Bu herhâlde yollu’ diye düşünmüş olabilirler” açıklaması da taciz ve
tecavüz meselelerinin nasıl meşru gösterilmeye çalışıldığına ilginç bir
örnektir.
Türkiye’de
taciz ve tecavüz meselelerine hep ideolojik yaklaşılır. Hangi mahallede çıkmış
ise, karşı mahalle ahlâkî vurgularla diğerlerini toptan tacizci/tecavüzcü
olarak itham eder. Bu yaklaşım, maalesef bu problemle mücadelenin önündeki en
büyük engeldir.
Kadınlara
yönelik taciz ve tecavüz meseleleri muhafazakâr cenahta çıktığında haklı olarak
büyük gürültü çıkaran çağdaş gazeteciler, düşünce ve kadın dernekleri, son meselede
suspus olmuşlardır. Hattâ bir tanesi, “Yollu
diye düşünmüş olabilir” diyerek konuyu basitleştirmiştir.
Benzer
bir vaka, şu anki iktidar partisinden patlak verseydi yine sessiz kalacaklar
mıydı?
Hatırlanacağı
üzere, daha önce Ensar Vakfı’nın bir yurdunda yaşanan cinsel istismar, vakfın
bütününe teşmil edilmiş, hattâ imam-hatip okulları, İslâmî vakıf ve dernekler
zan altında tutulmuştu. Bu tutum devam dahi etmektedir. Demek ki derdimiz,
taciz ve tecavüz vakaları ya da bunlara sebep olanlar değil, bu olayın hangi
mahallede yaşandığı ile ilgilidir. Bu da taciz ve tecavüzün ideolojik bir hâl
aldığını göstermektedir.
Ahlâksızlığın
ahlâk vurgusuyla ve başkaları itham edilerek savuşturulmaya çalışılması ise
ülkemizde yaygın bir şekilde gördüğümüz suç bastırma yöntemidir. Aslında
kimsenin görmediği, kamuoyunun bilmediği, gizli saklı her türlü rezalet,
ahlâksızlık olarak düşünülmüyor. Bunları yapsanız bile, kimse bilmediyse,
meydanlara çıkıp “Tacize ve tecavüze hayır!” diye sloganlar atabilir,
diğerlerini tacizci ve tecavüzcü olarak suçlayabilirsiniz! Hâlbuki ne kadar
ahlâkî davrandığınızı görmek istiyorsanız, insanların bilmediği ve görmediği
zamanlarda ne yaptığınıza bakmanız lâzım.
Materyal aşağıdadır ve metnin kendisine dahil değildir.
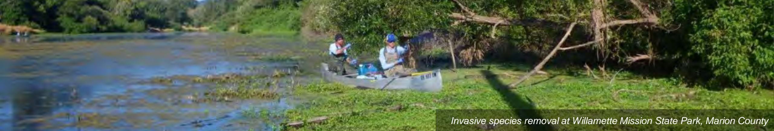
Invasive species removal at Willamette Mission State Park, Marion County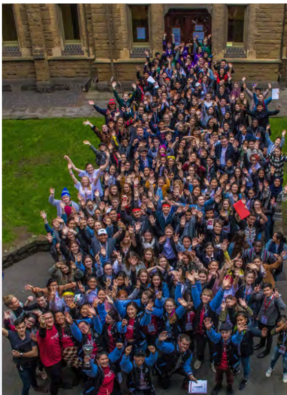
Secondary students at VicSRC Congress 2018.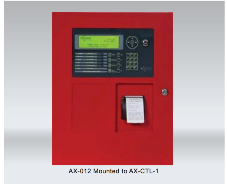
AX-012 Mounted to AX-CTL-1

Spare rolls of thermal paper can easily be replaced due to the mechanisms easy access front-loading compartment.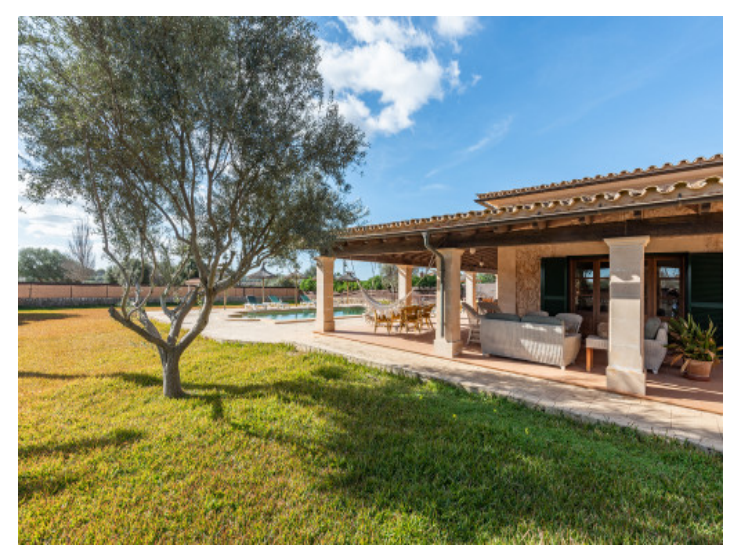
Inviting large garden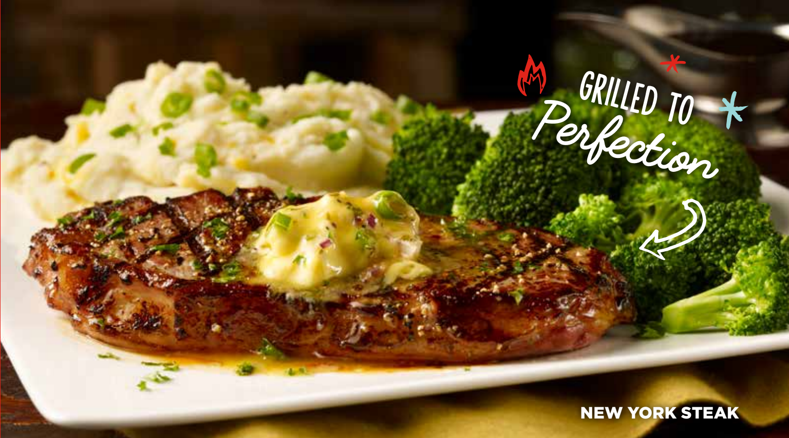
NEW YORK STEAK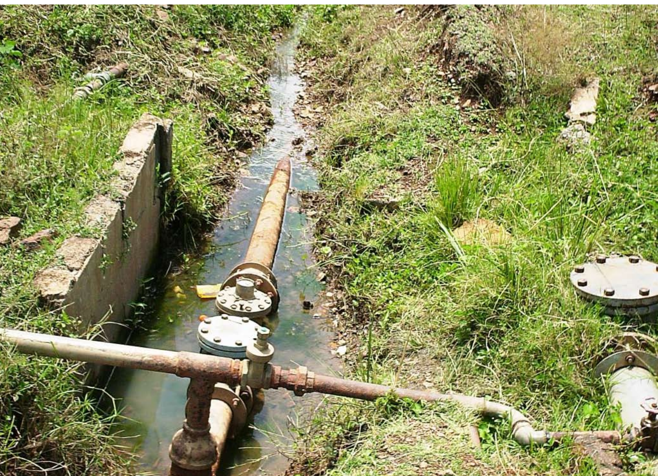
A leaking pipe.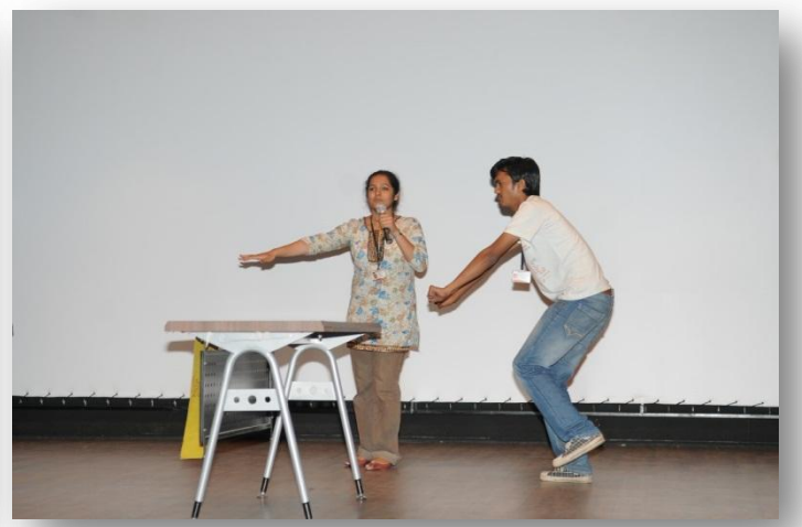
Students performing for Ad Reators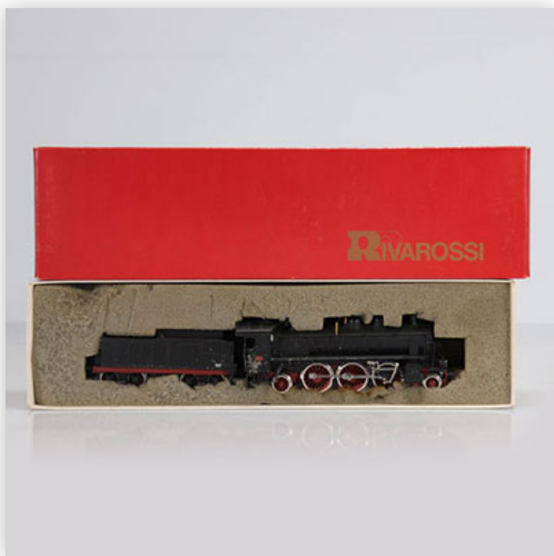
31 Rivarossi locomotive / Reference: 1154 / Type: GR 685 410

Référence: GFAB6155 — Poids: 500 g — Sizes: L=255mm — Condition: At first glance - very good condition - no restoration - no repair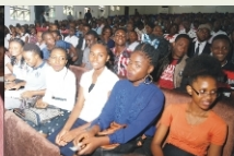
Another cross-section of participants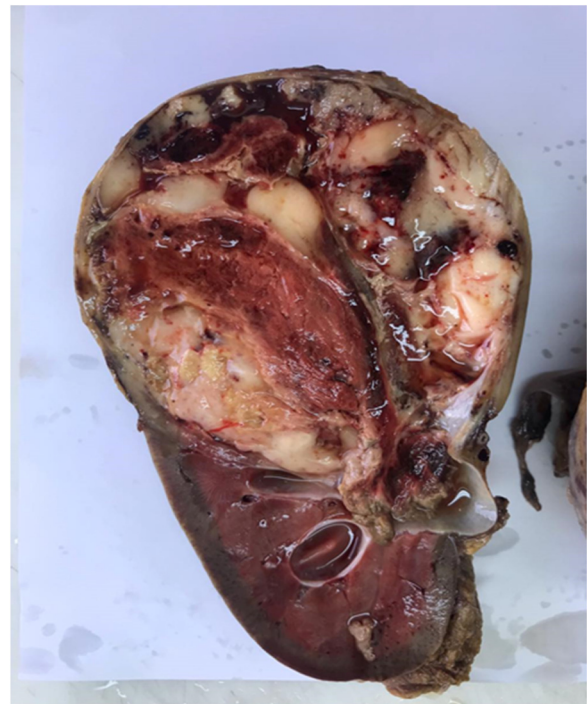
Fig. 2. Macroscopic examination revealed a lobulated, grayish white, firm mass in the upper pole, reaching up to the capsule with focal areas of necrosis.

to rule out metastases, a thoraco-abdomino-pelvic CT was performed. It confirmed the presence of an upper right polar renal mass, with a cystic and solid component, measuring 10 × 9 × 7 cm (Fig. 1) significantly enhanced after injection of contrast agent, invading the pelvis, in contact with the inferior side of the liver but was separated from the right adrenal gland. The right renal vein and the contralateral kidney were unharmed. There were no radiological signs suggesting a locoregional or distant metastases.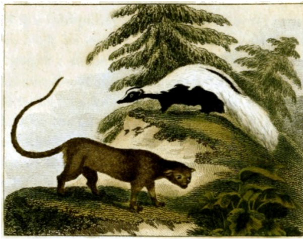
FIG. 185. Potot. FIG. 186. Chinch.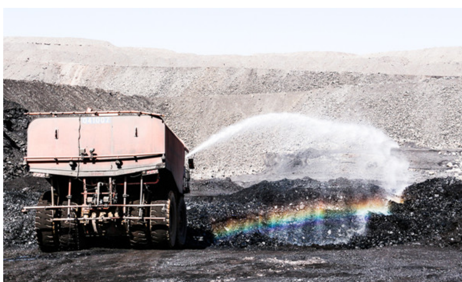
A sprinkler at work in the mining area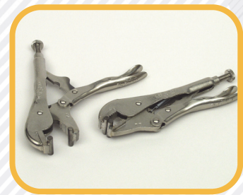
Air Test Clamps

Low-cost Standard replacement needle with sharp pointed tip and cross-hatch hole.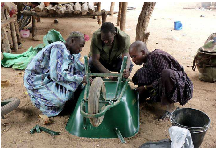
The ecoguards, concentrating on bolting the wheelbarrow together!

In addition, four new eco-guards trained as substitutes have been equipped (bike, phone and clothing). Thus, each area now has five eco-guards to monitor the RNC. It's that which motivate the troops ... and dissuade those uncooperative from "spoiling the bush"!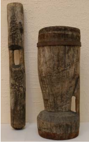
Fig. 4. Keli, Kazakh tool for grinding millet. From the collection of the Karaganda Historical Museum.

Рис. 4. Кели, казахский инструмент для измельчения проса. Из фондов Карагандинского исторического музея.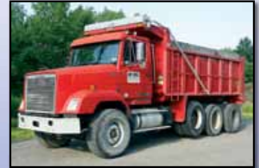
'87 FREIGHTLINER FL112

2005 MACK Granite CV713 Tri-Axle Dump Truck, Mack AI-400, 400HP diesel engine and Maxitorque T310M/MLR, 10 speed trans. with multi-speed rear, Ox 16" steel dump body, electric tarp, 44,000# rears, 18,000# front axle, 18,000# airlift 3rd axle, 2-position engine brake, tow package with air, A/C, cruise control, 385/65R22.5 front, and 11R22.5 rear tires. In very good condition with good to very good tires. (43,114 Miles) (2,159 Hours)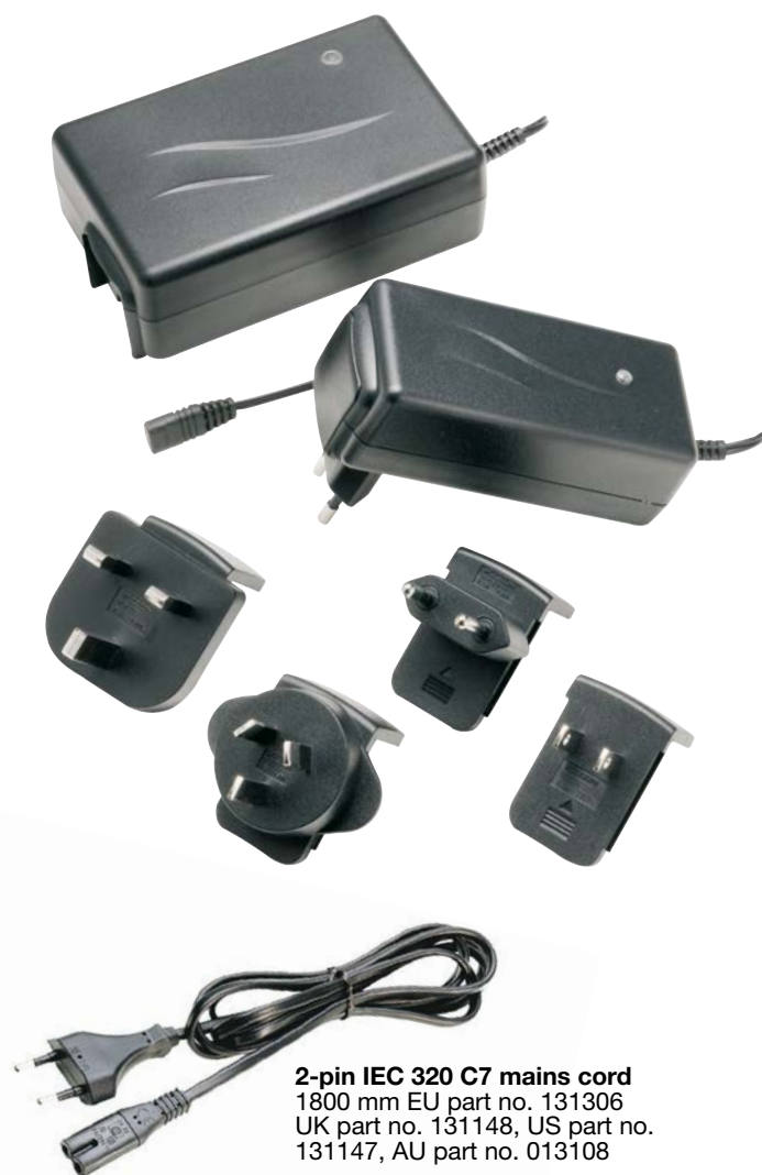
2-pin IEC 320 C7 mains cord 1800 mm EU part no. 131306 UK part no. 131148, US part no. 131147, AU part no. 013108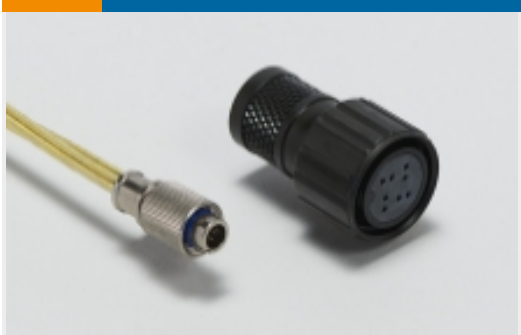
Standard Circular Connectors(528)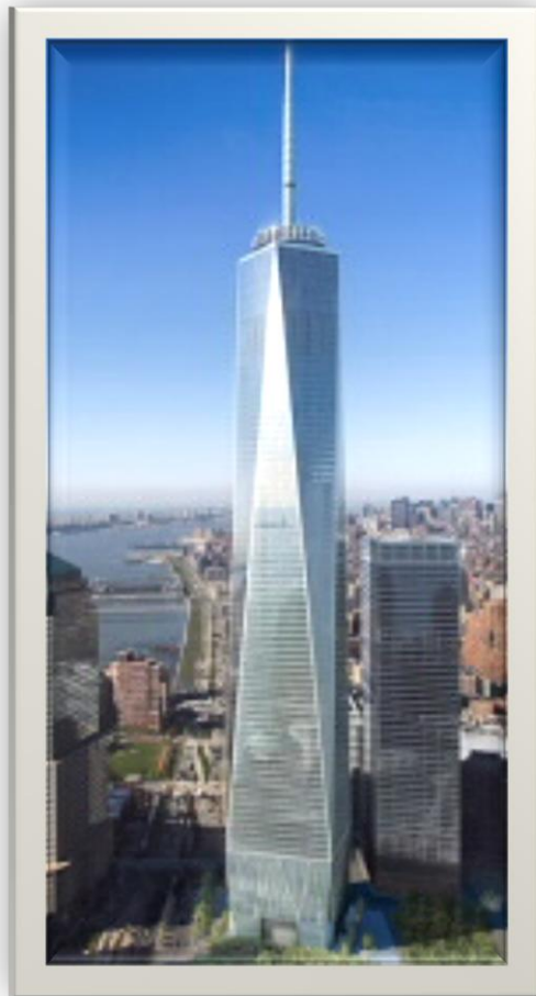
The Freedom Tower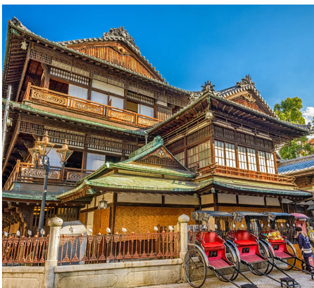
Dogo Onsen | 道后温泉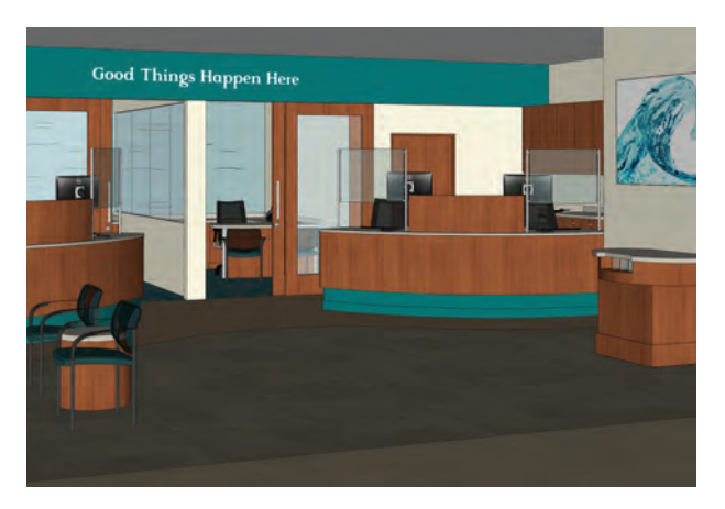
New full-service Gather in-store branch office opens in Līhu'e Walmart in April 2022.

At Gather FCU, we're always working to improve the experience of our members, including products and services, hours of operation, security and technology, staff and branch office locations.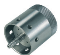
Weather protection cap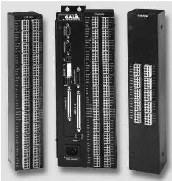
Left: ICM-2900 Interconnect Module Center: DMC-2040 with attached ICM-2900 Right: ICM-2908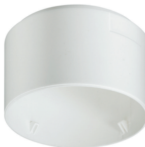
LRH2070/00 SURFACE BOX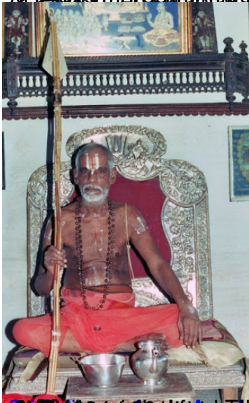
23. Pundarikopaswami (Pundarik) at Purmal and Ahayamatai Purmal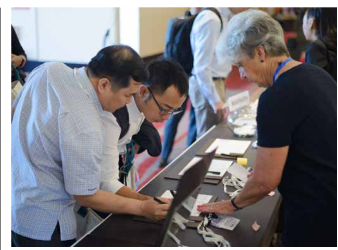
Smooth and efficient registration.

On many counts, this first Duck Meat Quality Conference that attracted more than 120 delegates from 14 countries and sponsored by Global Nutrition, GI-Ovo, CP Foods and Bangkok Ranch, was an immense success. Ap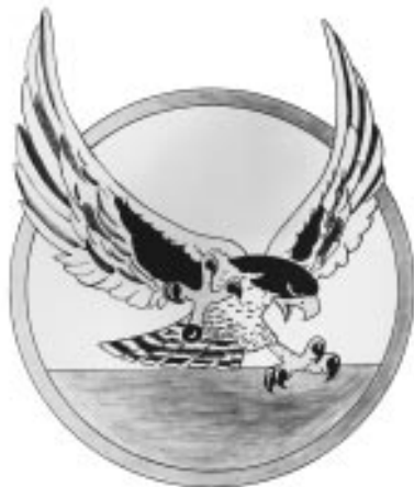
The hawk insignia was adopted by the squadron in 1950.

On 5 December 1950 a new insignia was approved by CNO. Colors for the peregrine falcon were: a red outline with upper background white and the lower background blue; the falcon had a black head with gray feathers and black markings; the beak, eye and feet were yellow with black markings and the tongue was red.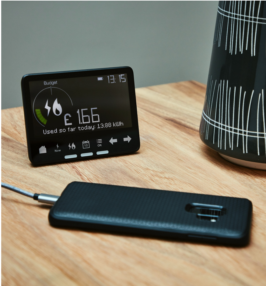
Smart Energy GB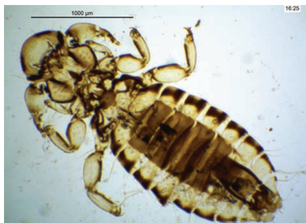
Figure 4. Cuclotogaster heterogarpus , male, original.

the Eurasian Woodcock, P. silvicultrix from the Common Redstart ( Phoenicurus phoenicurus ), P. longiceps from the Cetti's Warbler ( Cettia cetti ), B. iliaci from the Redwing, P. pikulai from the Barred Warbler ( Sylvia nisoria ), Brueelia sp. (N) and Penenirmus sp. (N) from the Black-headed Bunting, and C. latifrons from the Common Cuckoo ( Cuculus canorus ) are reported for the first time in Turkey. The Common Moorhen ( Gallinula chloropus ), Macqueen's Bustard ( Chlamydotis macqueniei ), Eurasian Woodcock, Redwing ( Turdus iliacus ), and Tawny Owl ( Strix aluco ) were examined for lice for the first time in Turkey in this study. The Eurasian Woodcock had 2 louse species and Redwing had 1 louse species, while the others had no louse infestation. These lice are therefore new records for Turkey. Thus, C. heterogarpus was determined for the first time anywhere in the world on turkeys.

Taciz ve tecavüz meselesini, ortaya çıktığı mahalleden bağımsız ele almadan çözemeyiz. Diğer türlü herkes birbirini itham eder ama sorunlar bir orada, bir burada yaşanmaya devam eder. Bu sebeple, bu tür vakalar ortaya çıkınca, ortaya çıktığı toplumsal grup da dâhil olmak üzere, herkes gerekli tepkileri göstermeli, mesele açığa kavuşmalı ve de taciz ve tecavüzcülere gereken hukukî yaptırımlar uygulanmalıdır. Taciz ve tecavüze yeltenen herkes bu yaptırımların farkında olmalı ve kimsenin kendilerini saklayacağı/koruyacağı umudunu taşımamalıdır.